──────── Data excerpt ────────

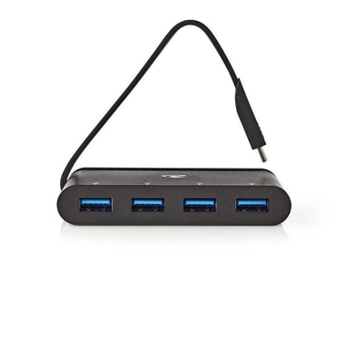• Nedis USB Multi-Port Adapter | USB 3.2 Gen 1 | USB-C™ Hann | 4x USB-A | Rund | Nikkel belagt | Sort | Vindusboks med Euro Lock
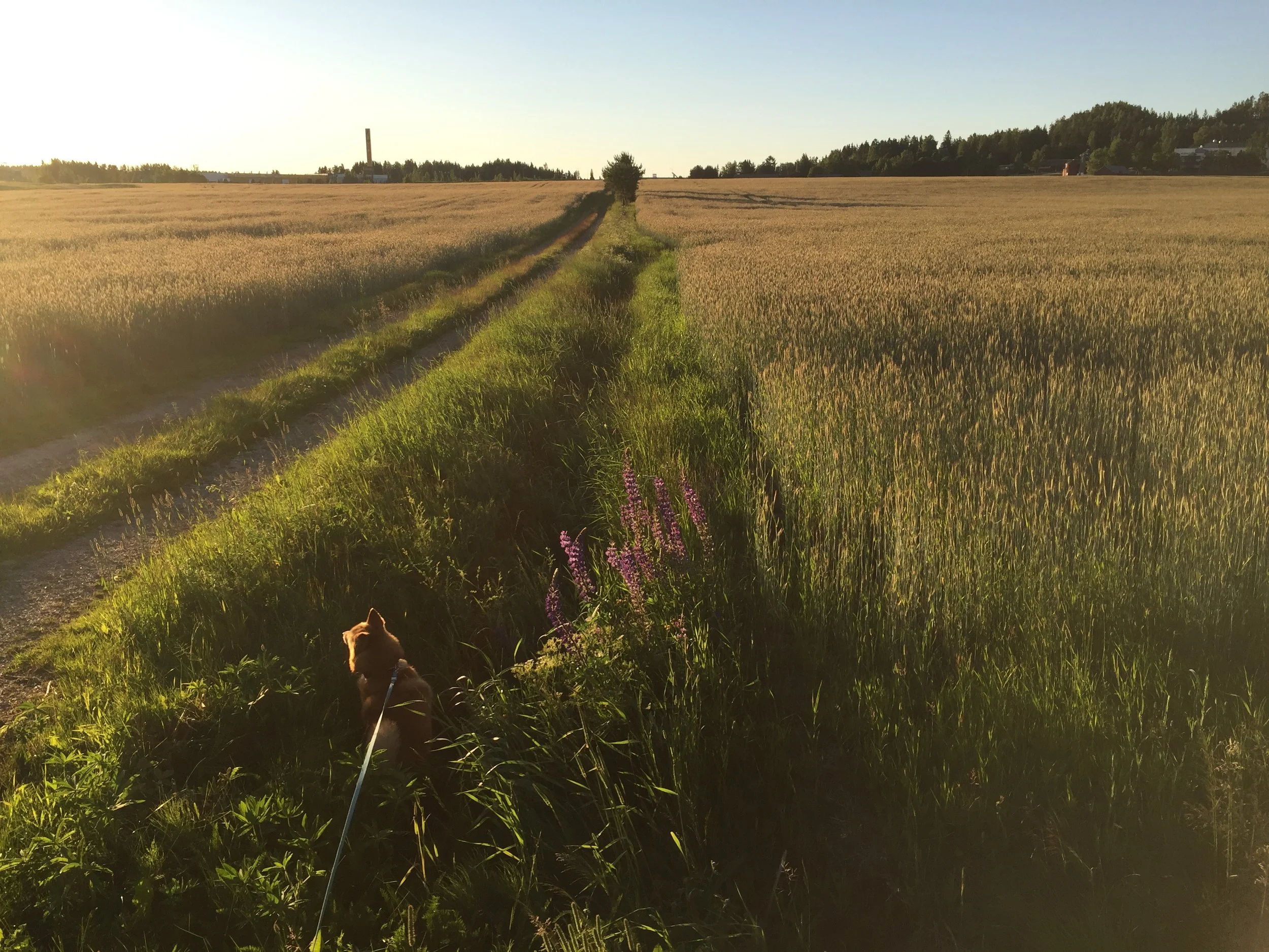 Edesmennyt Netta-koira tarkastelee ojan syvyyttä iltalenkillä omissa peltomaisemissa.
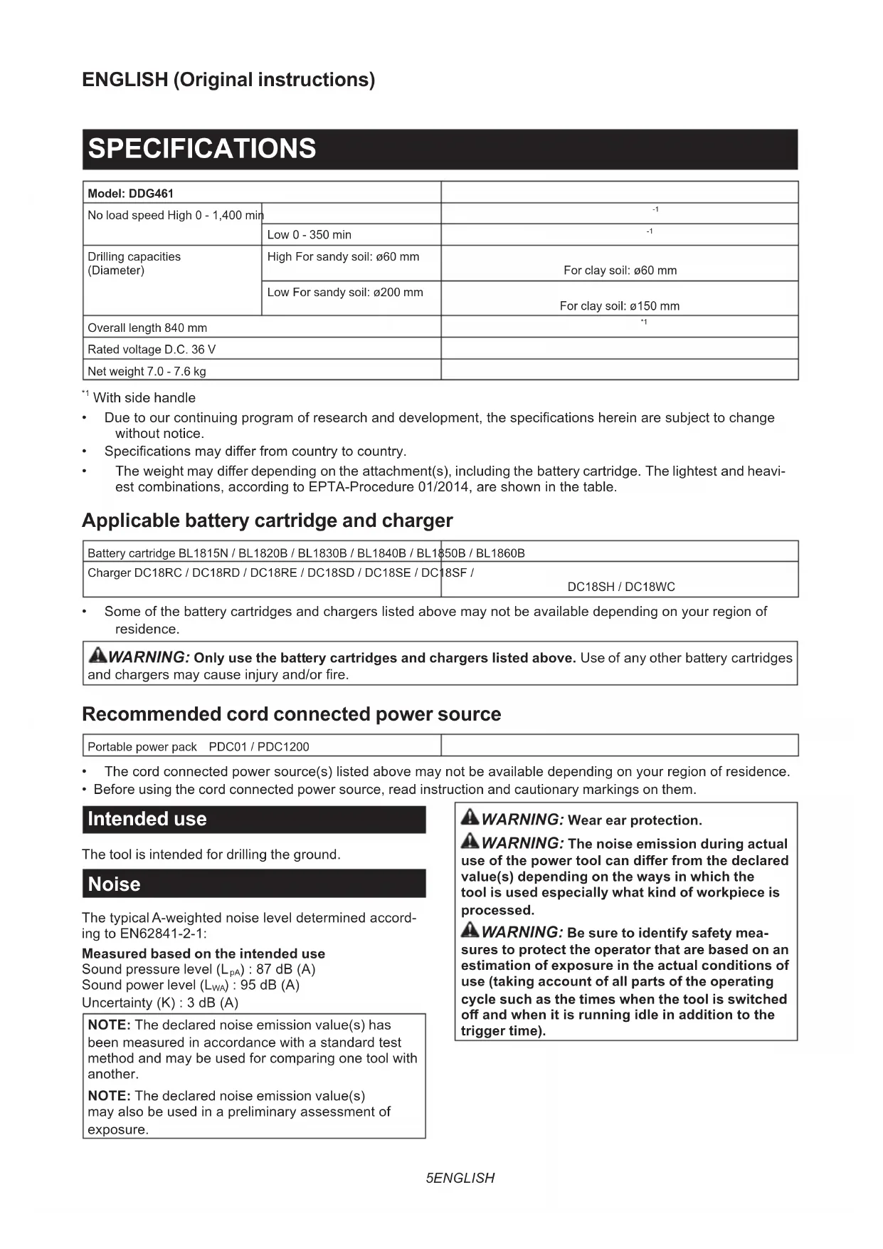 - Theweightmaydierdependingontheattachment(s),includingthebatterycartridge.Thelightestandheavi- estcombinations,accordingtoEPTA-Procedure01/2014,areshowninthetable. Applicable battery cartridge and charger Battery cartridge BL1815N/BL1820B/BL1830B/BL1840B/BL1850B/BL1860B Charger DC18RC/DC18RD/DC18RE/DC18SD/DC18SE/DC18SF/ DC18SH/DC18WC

────────

» Exercise instructions:
All of the lines above must be printed again exactly, and no picture may appear in the copy.

» Answer to this task:
• Nedis USB Multi-Port Adapter | USB 3.2 Gen 1 | USB-C™ Hann | 4x USB-A | Rund | Nikkel belagt | Sort | Vindusboks med Euro Lock
 Edesmennyt Netta-koira tarkastelee ojan syvyyttä iltalenkillä omissa peltomaisemissa.
 - Theweightmaydierdependingontheattachment(s),includingthebatterycartridge.Thelightestandheavi- estcombinations,accordingtoEPTA-Procedure01/2014,areshowninthetable. Applicable battery cartridge and charger Battery cartridge BL1815N/BL1820B/BL1830B/BL1840B/BL1850B/BL1860B Charger DC18RC/DC18RD/DC18RE/DC18SD/DC18SE/DC18SF/ DC18SH/DC18WC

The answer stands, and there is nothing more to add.